- Dataset records -
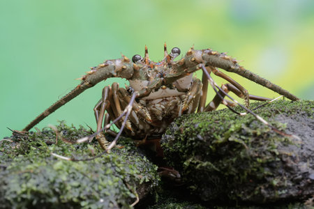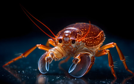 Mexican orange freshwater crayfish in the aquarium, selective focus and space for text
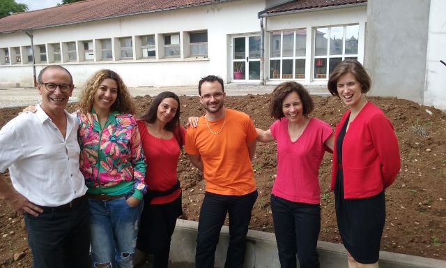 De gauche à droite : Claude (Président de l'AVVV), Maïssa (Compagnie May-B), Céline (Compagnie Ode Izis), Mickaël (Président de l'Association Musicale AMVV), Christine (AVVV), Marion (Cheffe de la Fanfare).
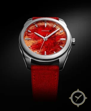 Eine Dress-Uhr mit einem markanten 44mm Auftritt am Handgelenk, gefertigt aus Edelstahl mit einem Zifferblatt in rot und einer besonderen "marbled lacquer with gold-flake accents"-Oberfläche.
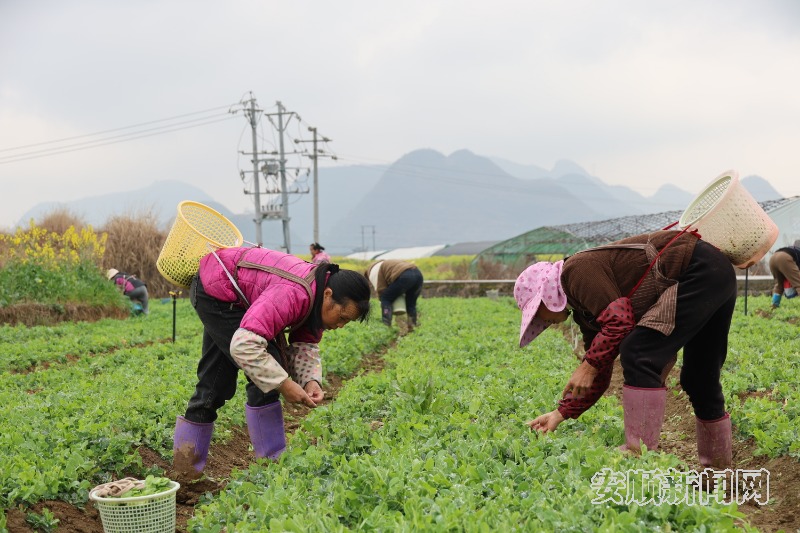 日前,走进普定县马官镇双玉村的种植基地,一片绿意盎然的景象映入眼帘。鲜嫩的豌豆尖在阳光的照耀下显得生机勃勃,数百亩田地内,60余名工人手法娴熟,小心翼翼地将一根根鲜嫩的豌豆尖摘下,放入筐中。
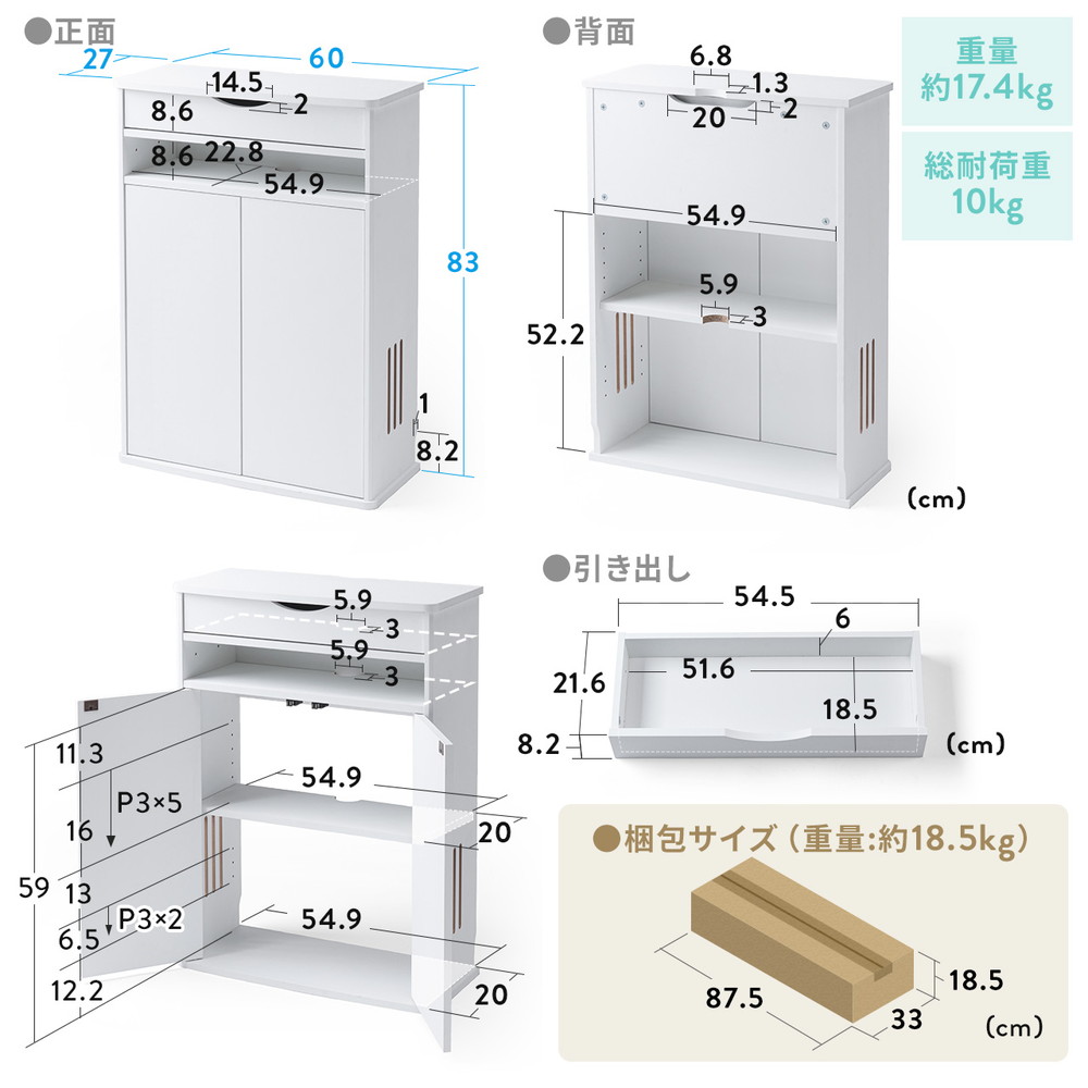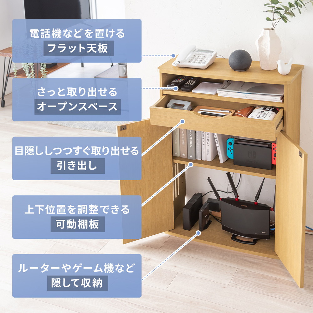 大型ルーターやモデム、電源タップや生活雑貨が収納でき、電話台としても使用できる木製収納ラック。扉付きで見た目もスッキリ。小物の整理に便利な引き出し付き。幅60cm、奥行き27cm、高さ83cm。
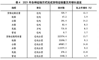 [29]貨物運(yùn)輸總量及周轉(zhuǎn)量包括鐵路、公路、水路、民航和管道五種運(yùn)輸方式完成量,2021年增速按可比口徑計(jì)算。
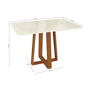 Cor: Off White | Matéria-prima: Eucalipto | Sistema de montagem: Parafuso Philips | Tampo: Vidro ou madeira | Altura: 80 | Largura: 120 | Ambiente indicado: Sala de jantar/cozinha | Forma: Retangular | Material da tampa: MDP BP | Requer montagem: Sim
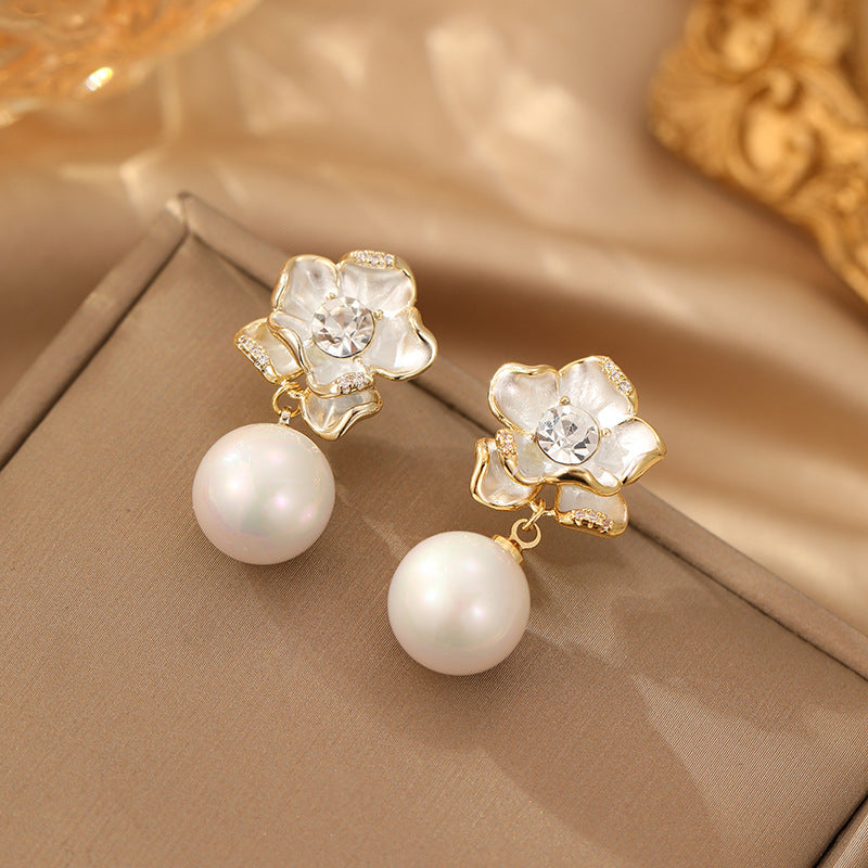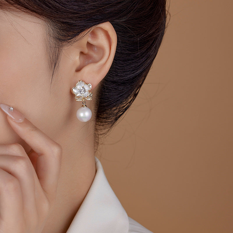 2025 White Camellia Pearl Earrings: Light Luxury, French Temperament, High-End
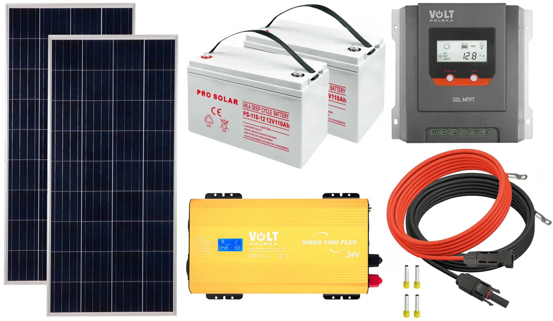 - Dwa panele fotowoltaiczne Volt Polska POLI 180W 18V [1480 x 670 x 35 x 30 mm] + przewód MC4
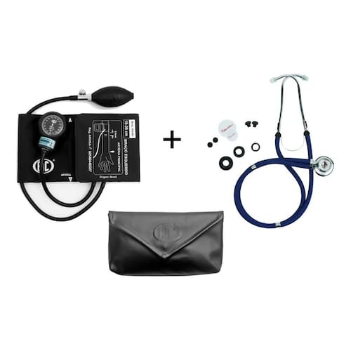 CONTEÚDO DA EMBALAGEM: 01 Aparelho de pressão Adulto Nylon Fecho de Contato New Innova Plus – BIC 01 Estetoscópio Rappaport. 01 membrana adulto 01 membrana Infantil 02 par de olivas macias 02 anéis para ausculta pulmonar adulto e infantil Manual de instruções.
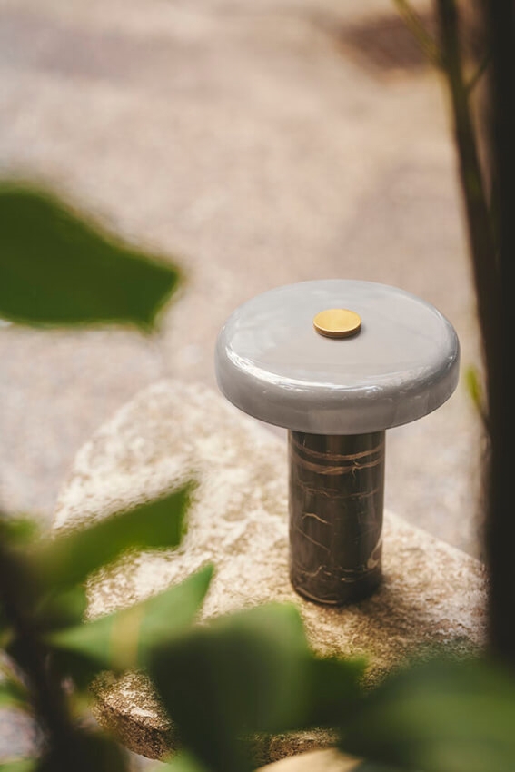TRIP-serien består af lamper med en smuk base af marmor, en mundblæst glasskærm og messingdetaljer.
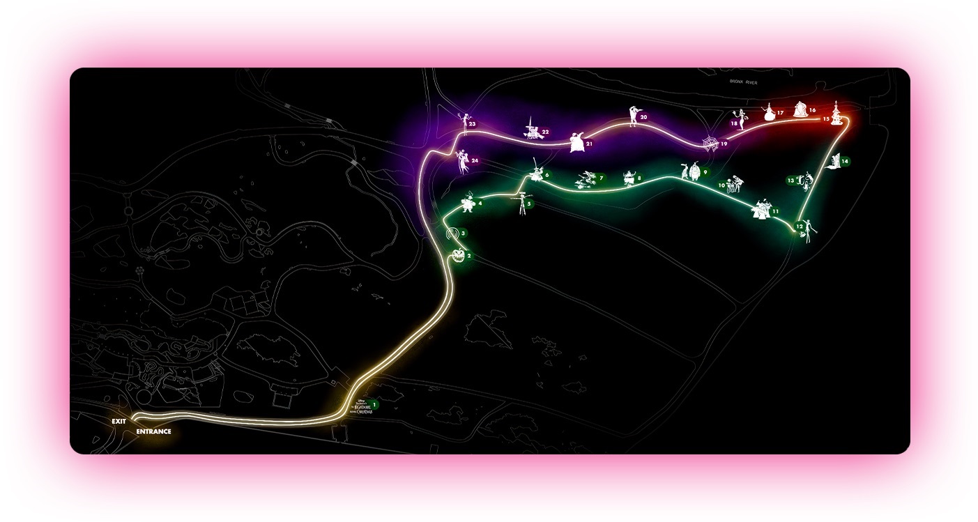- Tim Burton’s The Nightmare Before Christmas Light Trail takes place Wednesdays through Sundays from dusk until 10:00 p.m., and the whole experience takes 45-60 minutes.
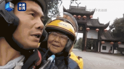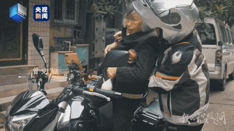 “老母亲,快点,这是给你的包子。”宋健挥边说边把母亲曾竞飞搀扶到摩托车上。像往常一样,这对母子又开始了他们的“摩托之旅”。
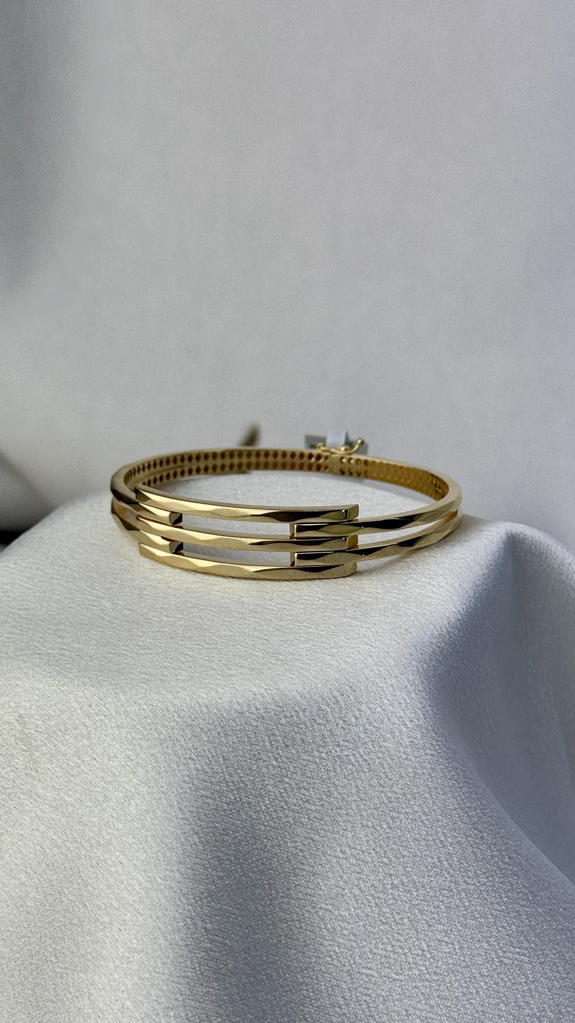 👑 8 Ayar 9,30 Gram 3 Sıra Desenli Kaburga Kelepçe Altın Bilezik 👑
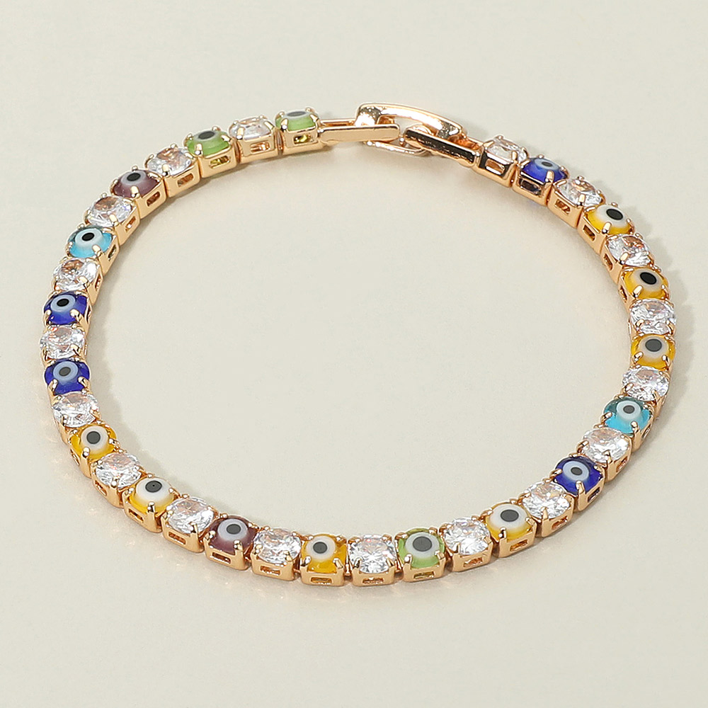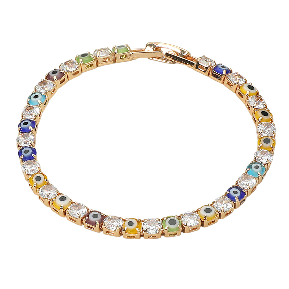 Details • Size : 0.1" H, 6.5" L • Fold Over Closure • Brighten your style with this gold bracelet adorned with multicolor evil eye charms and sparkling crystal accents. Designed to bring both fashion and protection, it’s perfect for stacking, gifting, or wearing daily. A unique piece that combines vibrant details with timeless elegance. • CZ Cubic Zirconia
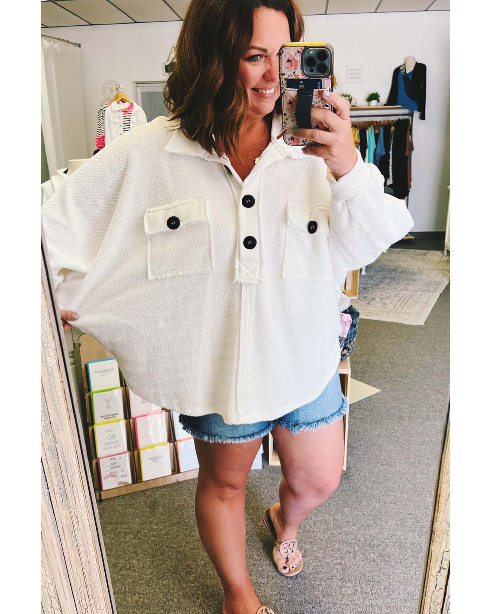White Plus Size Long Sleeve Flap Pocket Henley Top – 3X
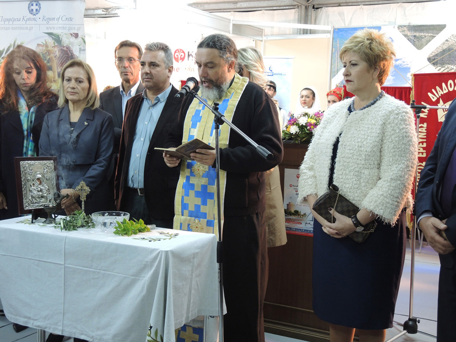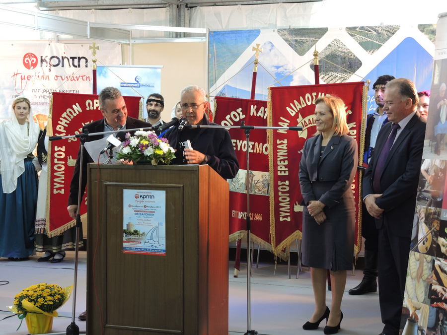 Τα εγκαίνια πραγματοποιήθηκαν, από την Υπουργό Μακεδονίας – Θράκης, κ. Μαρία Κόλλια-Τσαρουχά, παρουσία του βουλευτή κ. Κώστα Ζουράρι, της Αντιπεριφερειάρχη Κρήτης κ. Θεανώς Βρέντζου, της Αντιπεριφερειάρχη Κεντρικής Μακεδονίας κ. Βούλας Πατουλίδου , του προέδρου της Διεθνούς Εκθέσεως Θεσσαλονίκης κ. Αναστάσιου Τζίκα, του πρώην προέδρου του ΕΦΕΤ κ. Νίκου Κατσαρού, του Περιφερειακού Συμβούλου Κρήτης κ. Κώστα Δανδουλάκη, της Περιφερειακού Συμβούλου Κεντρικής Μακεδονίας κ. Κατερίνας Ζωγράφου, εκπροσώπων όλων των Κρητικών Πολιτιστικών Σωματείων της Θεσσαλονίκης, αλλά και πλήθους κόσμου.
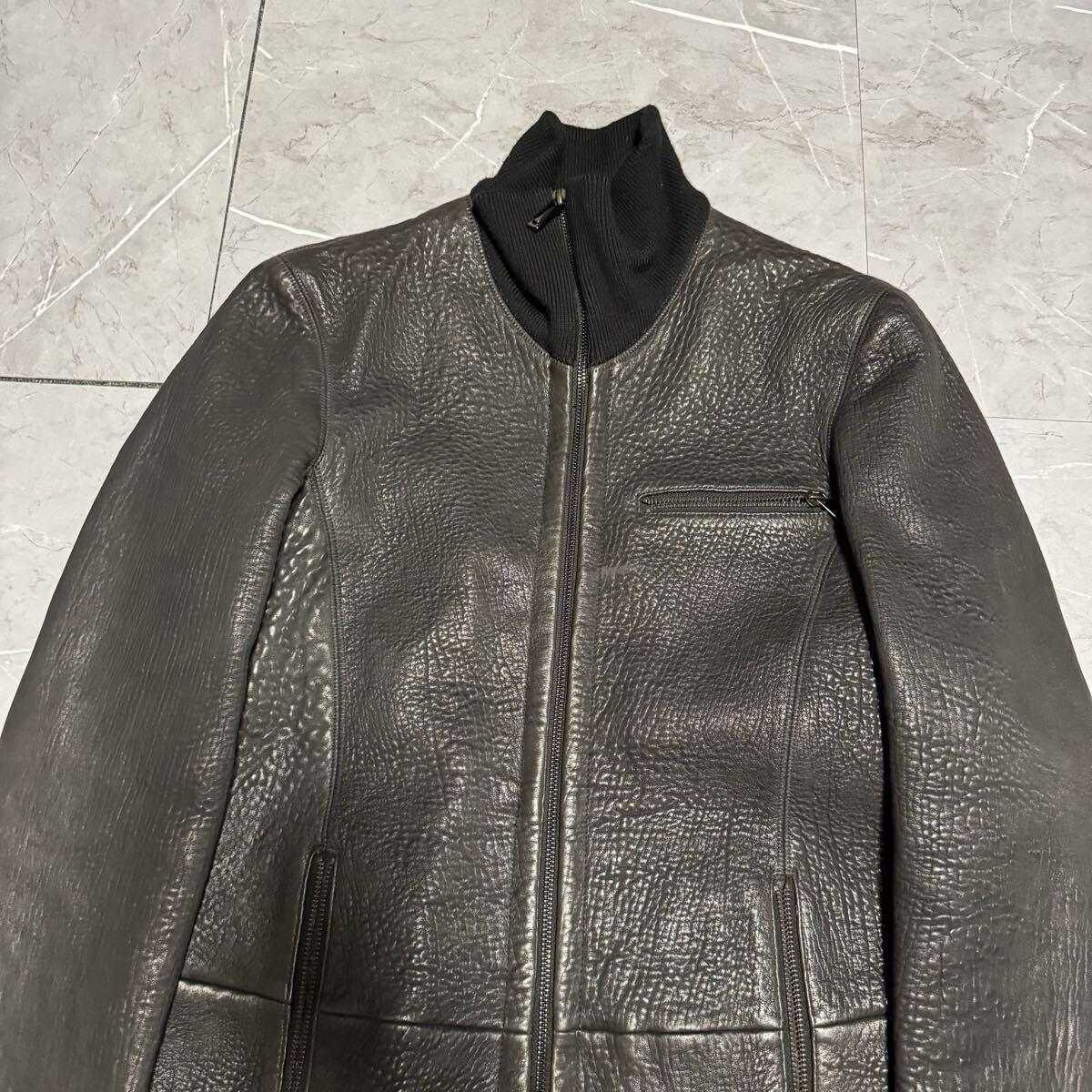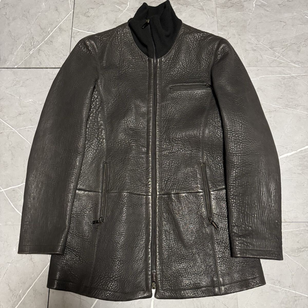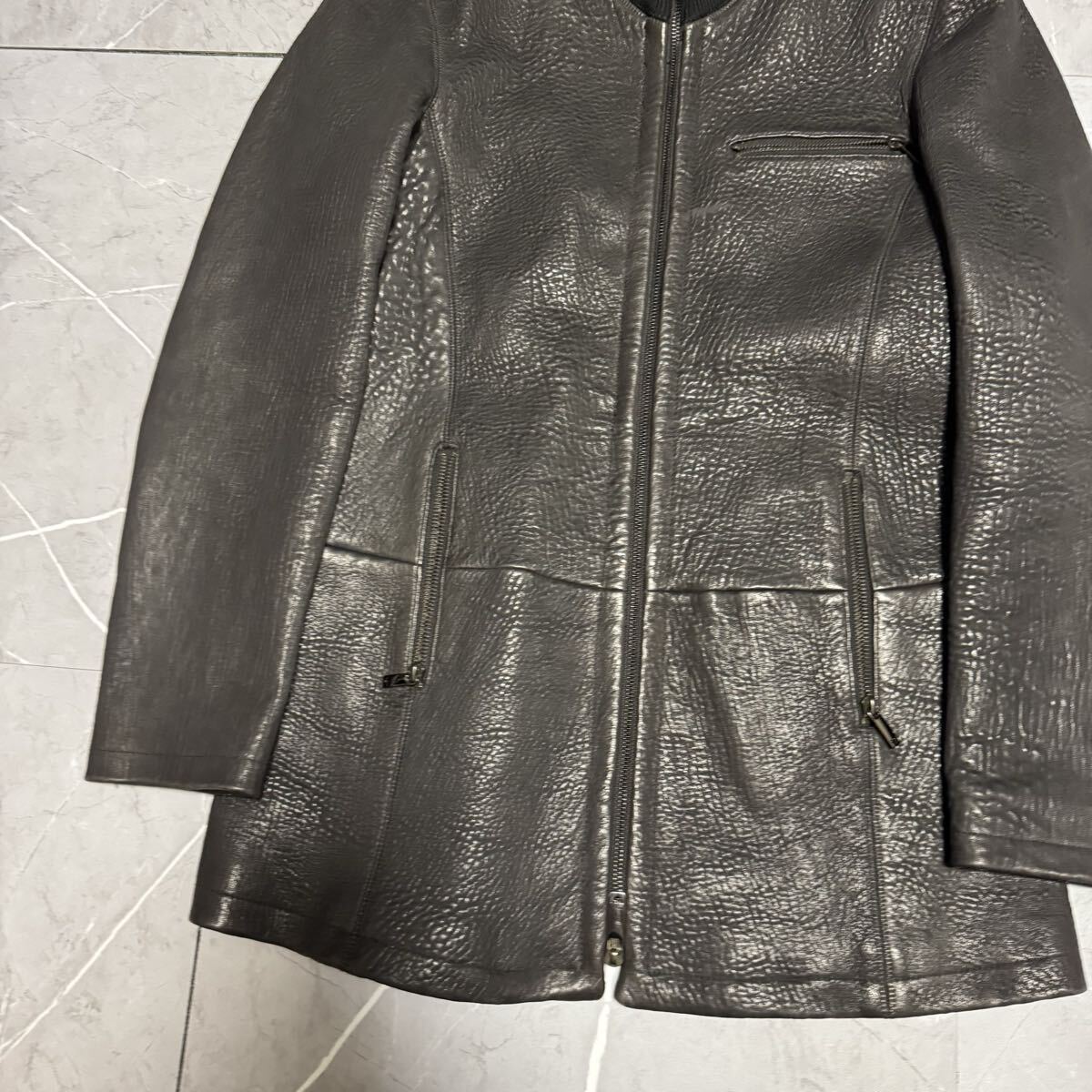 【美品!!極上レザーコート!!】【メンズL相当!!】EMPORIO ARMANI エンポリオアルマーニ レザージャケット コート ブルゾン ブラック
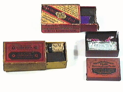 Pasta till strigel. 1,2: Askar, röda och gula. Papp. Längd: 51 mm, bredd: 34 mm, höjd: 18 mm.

- Exercise description -
From the material above, reproduce only what runs from the line holding "日前,走进普定县马官镇双玉村" down to the line holding "- Dwa panele", both included, pictures excluded.

- Task solution -
 日前,走进普定县马官镇双玉村的种植基地,一片绿意盎然的景象映入眼帘。鲜嫩的豌豆尖在阳光的照耀下显得生机勃勃,数百亩田地内,60余名工人手法娴熟,小心翼翼地将一根根鲜嫩的豌豆尖摘下,放入筐中。
 大型ルーターやモデム、電源タップや生活雑貨が収納でき、電話台としても使用できる木製収納ラック。扉付きで見た目もスッキリ。小物の整理に便利な引き出し付き。幅60cm、奥行き27cm、高さ83cm。
 [29]貨物運(yùn)輸總量及周轉(zhuǎn)量包括鐵路、公路、水路、民航和管道五種運(yùn)輸方式完成量,2021年增速按可比口徑計(jì)算。
 Cor: Off White | Matéria-prima: Eucalipto | Sistema de montagem: Parafuso Philips | Tampo: Vidro ou madeira | Altura: 80 | Largura: 120 | Ambiente indicado: Sala de jantar/cozinha | Forma: Retangular | Material da tampa: MDP BP | Requer montagem: Sim
 2025 White Camellia Pearl Earrings: Light Luxury, French Temperament, High-End
 - Dwa panele fotowoltaiczne Volt Polska POLI 180W 18V [1480 x 670 x 35 x 30 mm] + przewód MC4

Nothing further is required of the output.